Gifts for gardeners: Books (part 1)

With the holidays just around the corner, I thought I would share some of my favorite gardening books (and a few I hope to see under the tree this year).

This list is focused on native gardening. I will post another list focused on vegetable gardening and local food.

1. Noah's Garden and Planting Noah's Garden, by Sara Stein. Noah's Garden is the first book I read that really got me thinking about native plants, their role in the local environment, and their potential role in my yard. Planting Noah's Garden takes the concepts in the first book and gives you practical advice on how to plant a meadow, build a bird house, etc. I refer back to both of these books constantly, to get both inspiration and ideas.

2. Bringing Nature Home by Douglas Tallamy. I got this book last year for Christmas and it really opened my eyes to the incredible importance of native plants for our local wildlife. Where Sara Stein is an enthusiastic and knowledgeable lay person, Douglas Tallamy is an entomologist and has a vast understanding about how insects rely on native plants for food, and birds and small mammals rely on insects as a food source, so if we don't feed the insects, the whole food chain collapses. This book includes lists of which plant feed the widest variety of insects and so are most useful in the landscape.

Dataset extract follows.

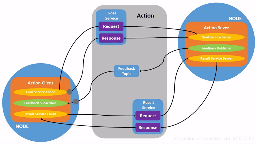 在客户端给出Goal Service Request后,服务器返回Response,而后客户端给出Result Service Request,服务器多次反馈后,再返回Response.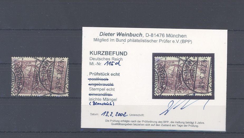Deutsches Reich Michel Nummer 115d, 2,50 Mark Freimarke 1920 in der Farbe d gestempelt mit einem leichten Blaustrich in der linken Ecke, sonst ein schöner Wert. Es liegt ein Befund BPP vor, hat bereits einiges gekostet, ist mit eingescannt.

All three of the above books are incredibly readable, but they are not filled with glossy photos like many garden books. If that is what you are looking for, I recommend:

3. Natives Trees, Shrubs and Vines, by William Cullina. This book contains beautiful photos and wonderful descriptions of plants native to the U.S. The author writes in a very conversational style and his passion for native plants shines through. The book also includes helpful information on plant needs (light, moisture, etc), propogation, and interesting varietals. This is not an inexpensive book, but it is a great reference.

4. Native Ferns, Moss, and Grasses and Wildflowers, by William Cullina. I don't own these books; they are both on my Christmas list this year. But based on reviews, and the fact that I love the other book by William Cullina, I can't wait to get my hands on them, and I feel comfortable recommending them without having read them.

5. Native Alternatives to Invasive Plants by Brooklyn Botanic Garden. It is sad but true -we are often more familiar with invasive plants such as Bradford Pear or Butterfly Bush, than we are with native plant options. This book is an excellent resource to help us make better plant choices and still get the look we want in the garden. The pictures are not huge, but the book provides a lot of information that can be supplemented by the web or other sources.

What have I missed? Are there other books on native plants that you think are "must read"? If so, I would love to hear about them and add them to my Christmas list!